How Do I Get My Short Film Made?

The answer to this question is easy.

Make it easy to make.

“Yeah, right,” I hear you say. “Cause it’s that simple.”

It really is though. Think about it. You’re a producer who is really really eager to make a short film and get their career started. To dip their toe in the water. You’ve maybe tried once or twice before but the acting was weak or the cinematography wasn’t right so the film wasn’t very good. You know you can do better. You know, because you’ve finally figured it out, that the script is so crucial to a good film. The script is key. You are very aware of the fact that you aren’t a writer, so you have a hunt around on the internet to see if you can source a few scripts to choose from.

Three come across your desk that really stand out.

One is a tightly written, action-packed short. Fun, silly, lots of car chases and explosions, guns, stunts, packed with jokes and witty dialogue.

One is a hilarious comedy, set in someone’s living room – a conversation between three friends dealing with a crisis, full of memorable one liners and a bit of slapstick.

One is a tense drama about teen suicide, with a heart breaking scene with a boy jumping off the top of a building, an argument in the middle of a busy shopping centre at Christmas and a newborn baby character.

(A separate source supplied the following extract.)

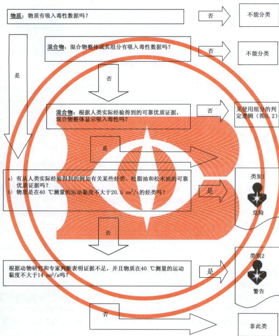
图 B.1 吸入危害判定逻辑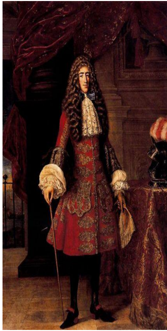
Retrato del IX duque de Medinaceli, 1711 Colección particular

Which would you choose to make?

You’re a filmmaker who wants to make an impact. So perhaps option three. But then, that’s going to be difficult to shoot with getting a stuntman to jump off a building with a small budget – plus organising a newborn baby to be on set is going to most likely be really difficult. Getting permission to shoot in a busy shopping centre is hard enough – let alone trying for Christmas time. Even if you get permission outside of December, you’re then going to have to pay for the location to be dressed like it’s Christmas, so extra money on props and set design. So it’s unlikely to be option three that’s picked.

You’re a filmmaker who wants to make something the audience is going to enjoy. So then maybe option one. But again, stunts, car chases, explosions – all that equals extra bodies on set (stuntmen, drivers and pyrotechnics) and extra bodies equals money, which there isn’t really room for in the budget. That coupled with car hire from the drivers, money for the explosives from the pyro guy, making sure that the guns you’re using don’t get mistaken for real ones by the general public – there’s a lot of work and money to be put in to that one too.

You’re almost certainly going to choose option two.

Limited characters means that if you know one actor who is fantastic, they might be able to do a ring around and see if they know anyone else to do it.

One location means you can pile everyone into a house for two days and really attack it and get it done in one hit without losing too much time on location moves. Location moves can mean that crew get stuck in traffic, people get lost, gear gets misplaced – all sorts of little things can go wrong when you’re trying to shoot in multiple locations in one day.

Funny script means that if that one actor who is fantastic likes it and wants to get involved, those actors they’re ringing are likely to be the better actors they know as they can see the quality of the work.

That’s not to say don’t write multiple locations or explosions or shorts that require lots of production design. Write them as well – but if you want things to be produced to give you a little bit more credibility as a writer which may then lead to producers with more money asking what else you’ve been working on, start small. Start simple.

Make it easy for the little producer (who could one day be a big producer) to pick your script.

Then make sure you get that script out there as much as you can so they can find it!